最終章 皇位奪還【愛と革命に生きるヴィルヘルム大公物語】クロフォード公爵の愛
ヴィルヘルム達と死闘を繰り広げていたクロフォード公爵、次々砦と軍隊が陥落し、皇宮にも革命連合軍が侵入する事を知ると戦いから離脱突然消えた。
どこへ向かうのか?
「レオポルト!
そなたは私を命にかけて守ると言ったではないかぁ〜。
私を助けてくれ!
もう私を救えるのはお前だけだ!」
レオポルトの背を両手で覆い、自尊心も投げ打ち大粒の涙さえ見せ、必死の形相でうったえかける上皇王の姿。
その姿を初めて見たクロフォード公爵。
驚きと同時に一種の自分にしか助けられないという高揚感が徐々に沸き立ち、気がついた時には人目もはばからず上皇王を抱きしめていた。
残っていた数名の近衛兵はまるで現実のものとは信じられないのか茫然としている。
何せ二人は常に威厳に溢れ、怒りの喜びも感情を持っていないかのような人物だと認識していたからだ。
特に上皇王は無用な者や反逆した者には徹底的に葬る独裁者でもあった。
そんな君主が我も忘れて臣下に懇願しているのだ。
信じられるはずはなかった。
上皇王のすぐ脇には侍女のファビエンヌが控えている。
二人の陰に隠れてその表情は見えないまでも僅かに身体は震えている。
何かを覚悟し、そしてその時を静かにまっているかのようだった。
クロフォード公爵は上皇王を腕に抱きながらその幼い頃からの憧れであり、一時期は声すらもかけられないほどの威厳と高貴さを兼ね備えた第一皇女との出会いを思い返していた。
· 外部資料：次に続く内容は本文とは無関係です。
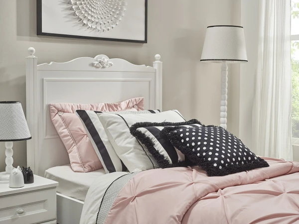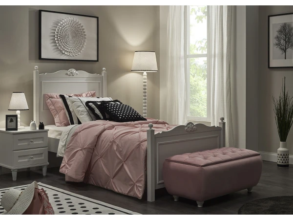 Bed Lora is een prachtig wit meisjesbed in de landelijke stijl, afgewerkt met sierlijke details. Je meisje zal zich als een echte prinses wanen in dit prinsessenbed! Onder het bed is ruimte voorzien voor een bedlade die je kunt gebruiken als logeerbed of voor extra opbergruimte. Bijhorend is er ook een opzetstuk beschikbaar om van het bed een mooi hemelbed te maken, voor nog meer prinsessengehalte! Dit bed is verkrijgbaar in twee formaten, met breedte 90 of 120 cm.
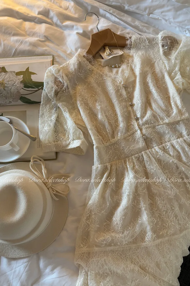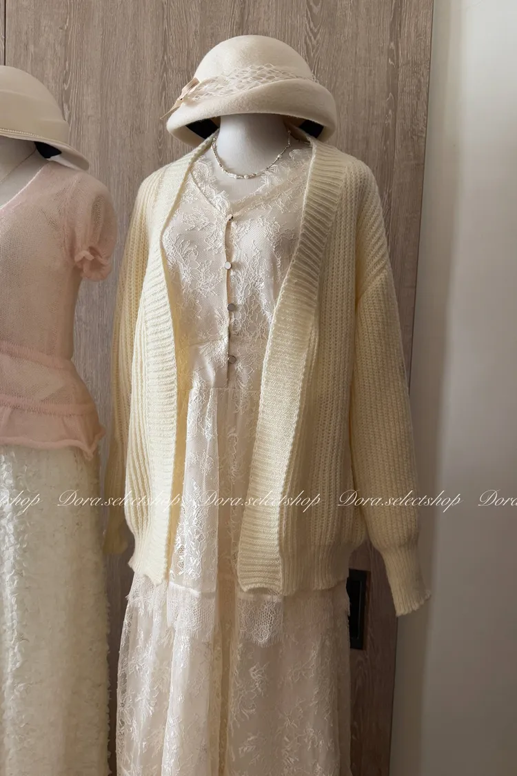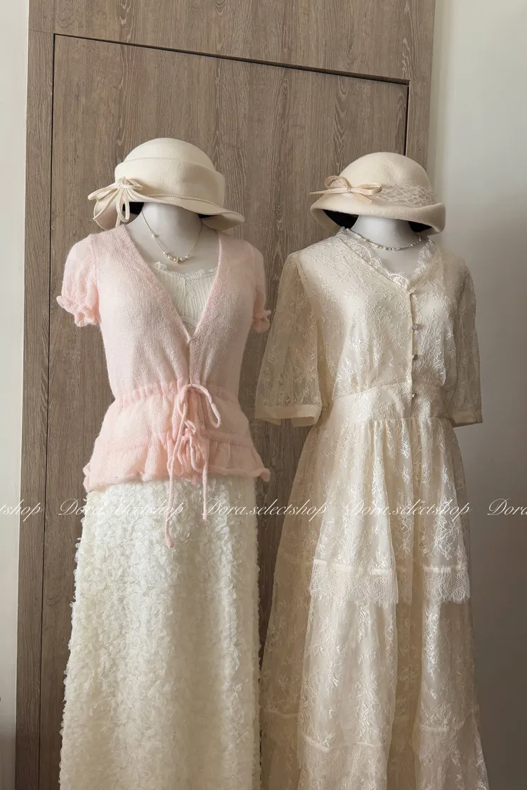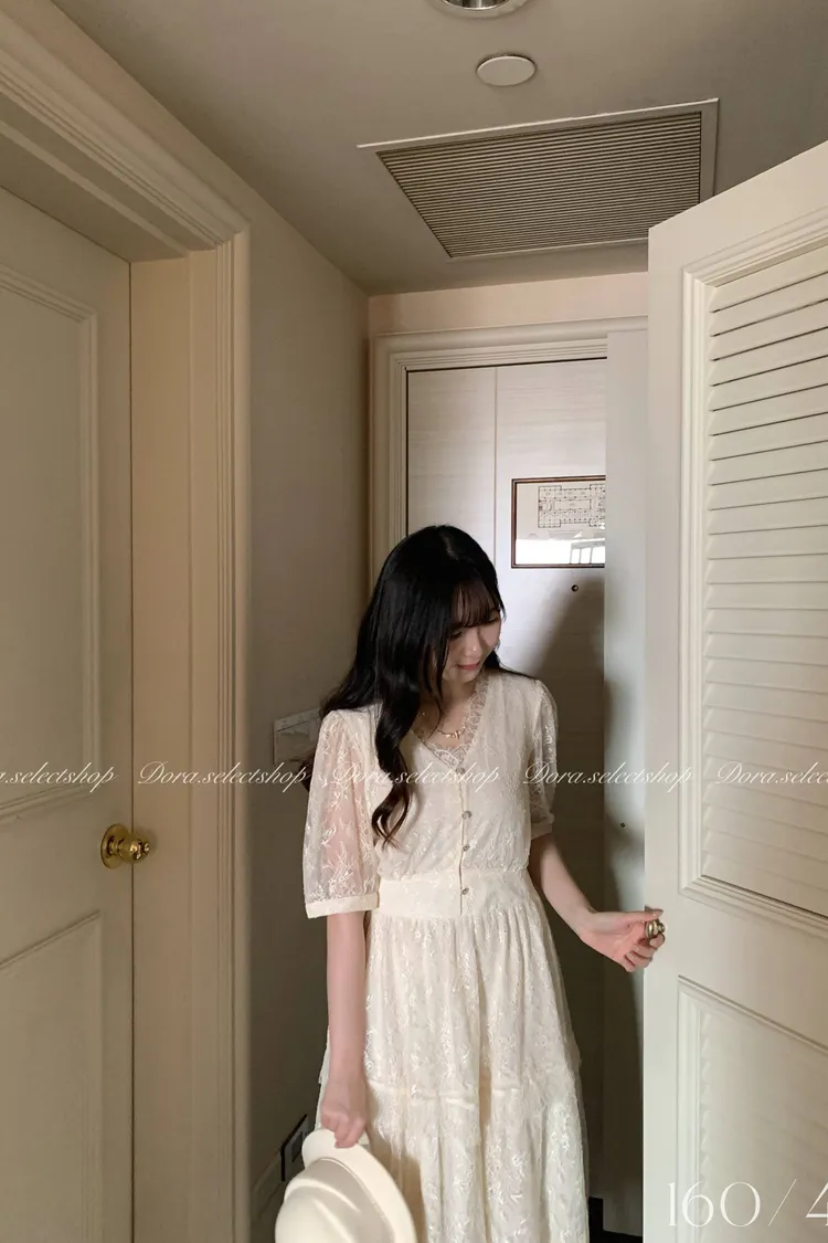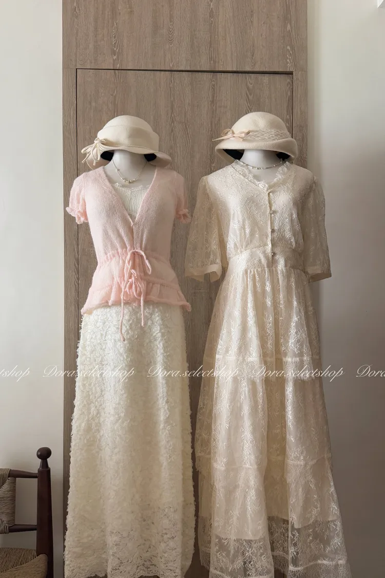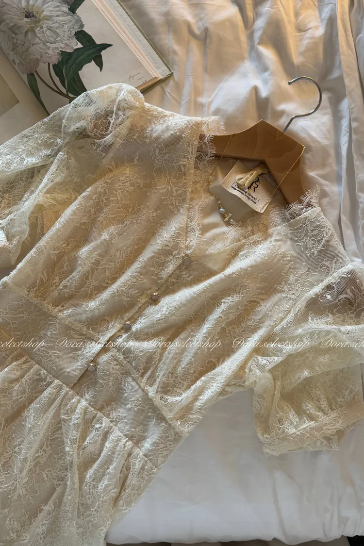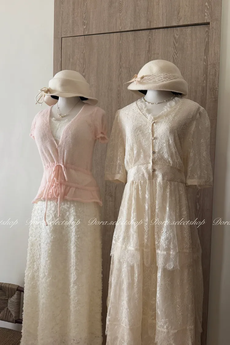 優雅氛圍感蕾絲蛋糕長洋裝---米

クロフォード公爵家は皇国の傍系の皇族であり、三代前の皇王の妹を降嫁させた皇族の血を受け継いだ皇王家本家を除いて、一番高貴な家系に嫡子として生まれた。
産まれながら公爵家の後継として厳しく育てられた。
虐待に近い教育を担当した家庭教師にはまだ力がない時には従順に従う生徒に。勿論公爵位を継いだ後に殺害したが。
愛情の薄い厳格な両親は常に高圧的で異論や言い訳を許さなかった。少しの不満や反論を顔に出した途端に食事を抜かれ仕置き部屋送り。しかも不在が多かった。温かな愛情を見せてくれたのはそ乳母。でも彼女も五歳になる日に暇を出された。
以降自分を律してただ皇国皇王への忠誠心のみに捧げる人生の道を歩む事を強いられていた。
その考えに不満や不敬、抵抗は一切もたなかった。
そう教育されていたのだ。
そんな疑問すら感じずに過ごしていた生活が一遍に変化した出会いがあった。
成人し初めて皇宮を訪れ、デヴュタントとして参加した宮廷夜会での出来事だった。
夜会では高貴なる公爵家の後継として貴族達の羨望の眼差しを受けて参加した公子は与えられた役割をただこなしていた。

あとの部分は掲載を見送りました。